CLEARWATER — City officials have decided to assign two police officers to patrol East Gateway, 175 acres just east of downtown that has battled drugs, prostitution and urban decay.

At the same time, the city is seeking business owners, residents and others to serve on a task force for the area, which thousands of people pass through each day on the way to downtown Clearwater or Clearwater Beach.

The task force and increased police patrols are designed to strengthen East Gateway, which over the years has turned largely into a rental community. And they both are part of an overall plan the city has developed for revitalizing the area, which is bounded by Missouri Avenue, Drew Street, Highland Avenue and Court Street.

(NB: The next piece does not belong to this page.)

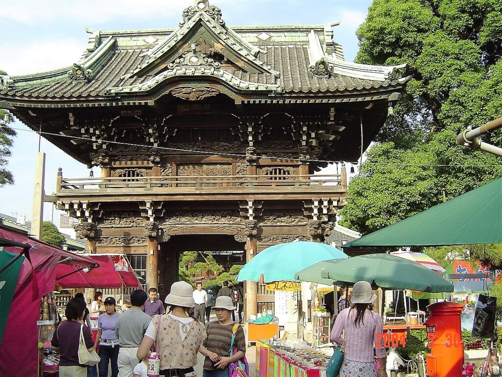 写真は参道入口と「二天門」である。明治29年建築の「二天門」は、日光の陽明門を思わせる重厚な造りで、圧倒的な存在感がある。文化的景観の重要な構成要素の一つだ。参道入口に掲げられている提灯には「高木屋」「松屋の飴」「い志い」「亀屋」「大和屋」「ゑびす屋」「市河屋」「川千家」と書かれている。いずれの店も重要な構成要素である。「帝釈天で産湯を使い」で紹介した「御神水」もそうだ。

"We'd like to see a thriving business community, a perception of safety and security for everyone who lives or works in that area, we'd like to see a changing economic environment," and renovation of some of the buildings, said Clearwater police Chief Sid Klein.

Klein said the two new officers will start in October, thanks to money from the city's Community Redevelopment Agency.

He said the officers will focus on three main missions: to "remove identified drug dealers and career criminals from the area"; to reduce prostitution; and to reduce the number of crimes committed by and against homeless people in the area.

Because of the number of Hispanic residents in the area, Klein said he would be happy if the officers are fluent in Spanish, but acknowledged, "We don't have enough officers who speak Spanish." The officers generally will patrol the area both in cars and on bicycles, and will work evening hours, getting to know the community's residents and business owners.

At La Feria de la Nieve, a store on Gulf-to-Bay Boulevard that sells helados (ice cream), and licuados (shakes), manager Victor Vega said he had not heard anything about the new officers. He said he does not understand certain things about how the police operate now — such as why it seems 10 officers swarm around anyone who gets arrested — but said he certainly has no objection to more police.

At the Wanna Save convenience mart at 1362 Cleveland St., owner Ray Abdull said additional police are bound to help. "It's more, it's better," he said.

JoAnna Siskin agrees. She is president of the nearby Skyview Neighbors association, and also is a member of a group called the East Gateway Coalition, and says it's clear the area needs help.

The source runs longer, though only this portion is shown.